Democratic leaders and a handful of Republicans in Congress were up to the same trick earlier this year when they instructed CBO to treat a proposed $30 billion capital injection fund for banks in the Small Business Lending Fund Act as a loan program. It was a brazen move given that the capital injection would be in the form of preferred stock, which the banks technically do not have to repay and therefore isn’t a loan. It also demonstrates the lengths to which some in Congress will go to wash any new program through the favorable accounting rules for loan programs. The CBO balked at the instruction and provided a cost estimate based on prices in the private market, which showed the program would cost $6.2 billion. But the Democratic majority is ignoring this estimate so that they can claim the legislation has no cost as debate on the bill continues in Congress.

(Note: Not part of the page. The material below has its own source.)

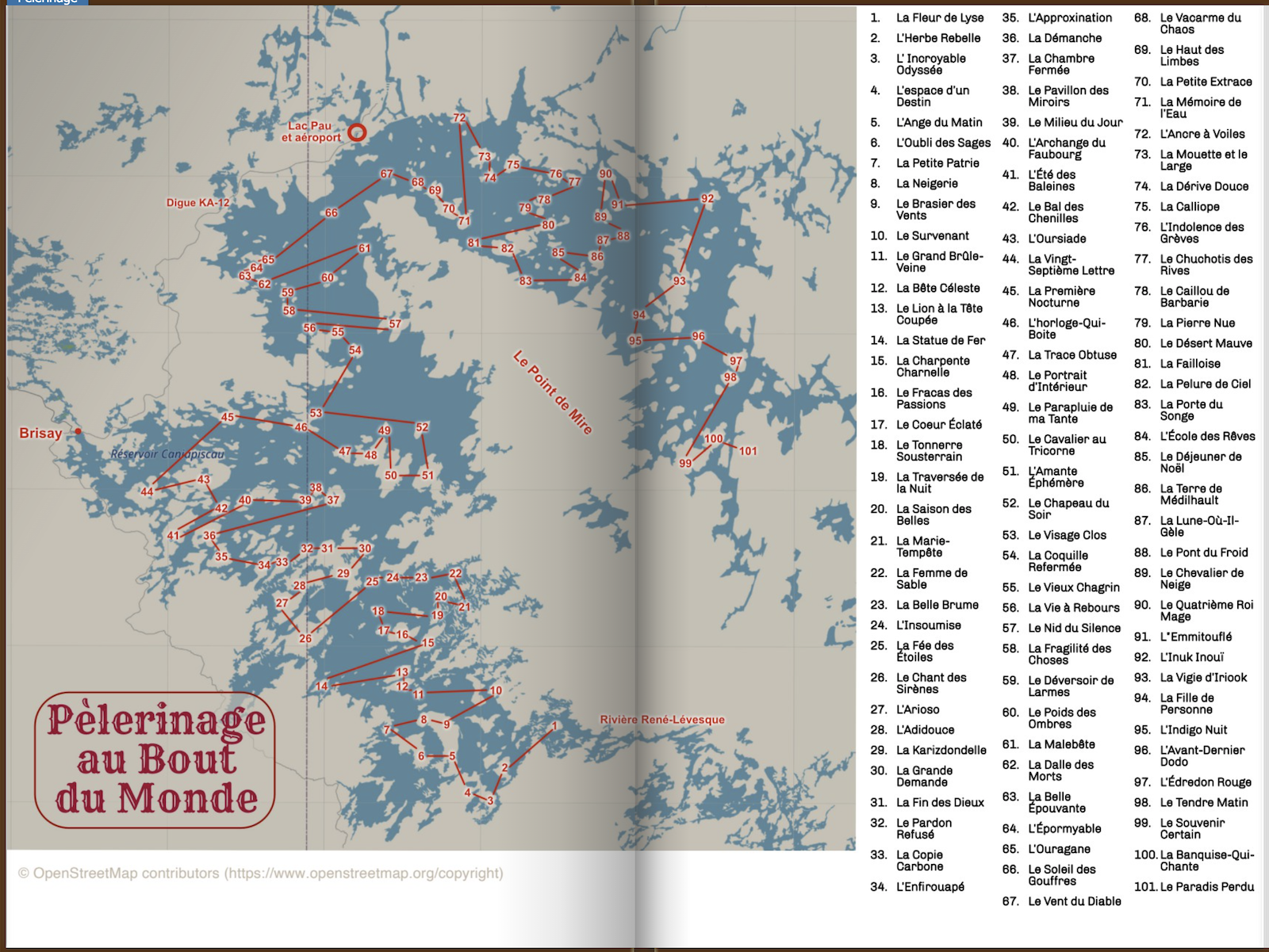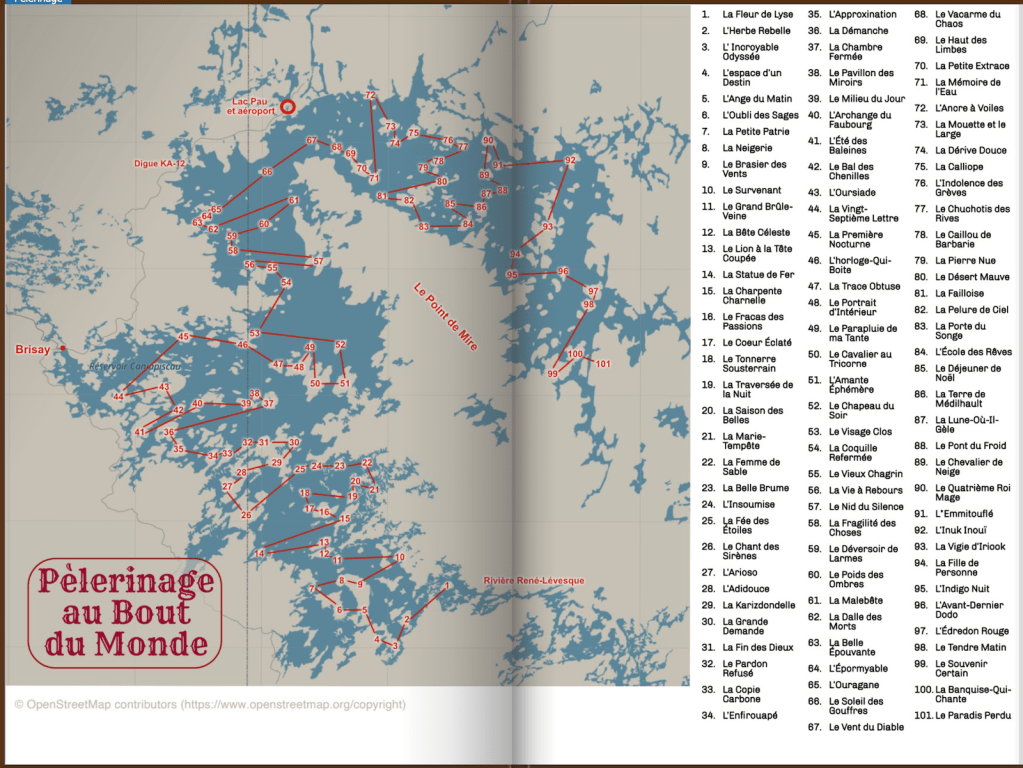 Philomène Barbeau, détective à la SQ qui s’est rarement éloignée de Montréal, devra composer avec la vie en région éloignée lorsqu’elle est chargée d’enquêter sur un meurtre qui a eu lieu sur une ile du Réservoir de Caniapiscau. La victime, un dirigeant d’Hydro, participait à un étrange pèlerinage entre les iles du réservoir, iles nommées en 1997 en l’honneur de textes d’auteurs québécois pour commémorer la loi 101.

There are signs that something of a backlash is occurring against these deceptive budgeting tactics. Congress included in the Troubled Asset Relief Program a mandate that federal budget agencies account for the program’s costs using market-based estimates, overriding the existing accounting rules for loan programs. Representatives Jeb Hensarling and Paul Ryan, two senior Republicans on the House Budget Committee, want to update the Credit Reform Act as part of a larger budget process bill so that loan programs would be priced like they are in the private market. CBO is also helping illuminate the perverse and illogical results of the current budget rules. The agency should be commended for voluntarily providing alternative (though still unofficial) “fair value” estimates when it reports the costs of new loan programs.

Lawmakers who want to use the Credit Reform Act loophole to advance their spending ambitions are unlikely to relinquish such a convenient and valuable budget gimmick without a fight. Nevertheless, there’s momentum behind a more honest set of rules for valuing government-backed loans. That’s good news for taxpayers and for the U.S. economy.

Jason Delisle is the Director of the Federal Education Budget Project at the New America Foundation.